Eksperci są podzieleni co do realności wprowadzenia tak głębokich reform. Część prawników twierdzi, że cofnięcie ILR byłoby trudne do przeprowadzenia z prawnego punktu widzenia i mogłoby wywołać falę pozwów przeciwko państwu. Inni wskazują na ryzyko napięć społecznych oraz reperkusji międzynarodowych, zwłaszcza w relacjach z krajami, z których pochodzą potencjalni deportowani. Pomimo kontrowersji, Farage wydaje się zdeterminowany. Jego konferencje prasowe są szeroko relacjonowane w mediach, a sondaże pokazują rosnące zainteresowanie Reform UK. Jeśli tendencja ta się utrzyma, partia może odegrać znaczącą rolę w nadchodzących wyborach parlamentarnych, zwłaszcza jeśli uda jej się przejąć elektorat rozczarowany rządami konserwatystów i sceptycznie nastawiony do programów Partii Pracy.

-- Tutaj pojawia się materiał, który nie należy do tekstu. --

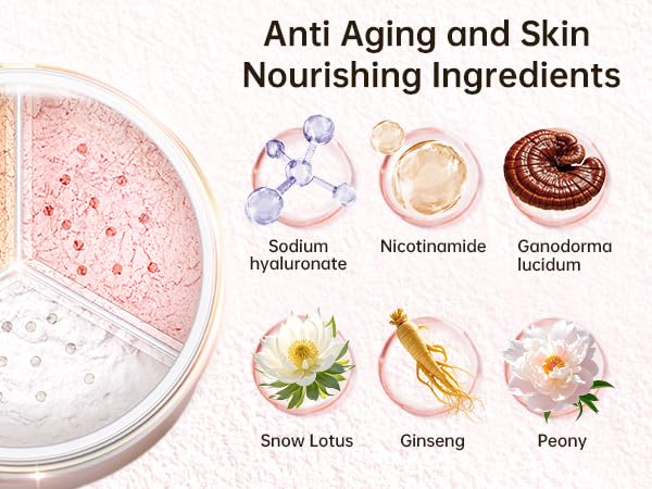 • 【3 COLOR EVEN SKIN TONE】PINK: adjust the red skin tone, modify red blood, red acne; YELLOW: helps minimize the appearance of pores, fine lines, and wrinkles.; WHITE: Powerful oil-control powder for a fresh, non-greasy finish. Use three colors together to achieve even skin tone and create a perfect basic makeup.

W nadchodzących miesiącach temat imigracji z pewnością będzie jednym z głównych pól bitwy politycznej w Wielkiej Brytanii. Propozycje szefa Reform UK mogą na nowo ustawić linie podziału w debacie publicznej — nie tylko między lewicą a prawicą, ale również między zwolennikami otwartości a tymi, którzy domagają się zamknięcia drzwi. Niezależnie od tego, czy Reform UK zdobędzie władzę, czy nie, jeden fakt jest już jasny: Farage znowu potrafi narzucić narrację całemu krajowi.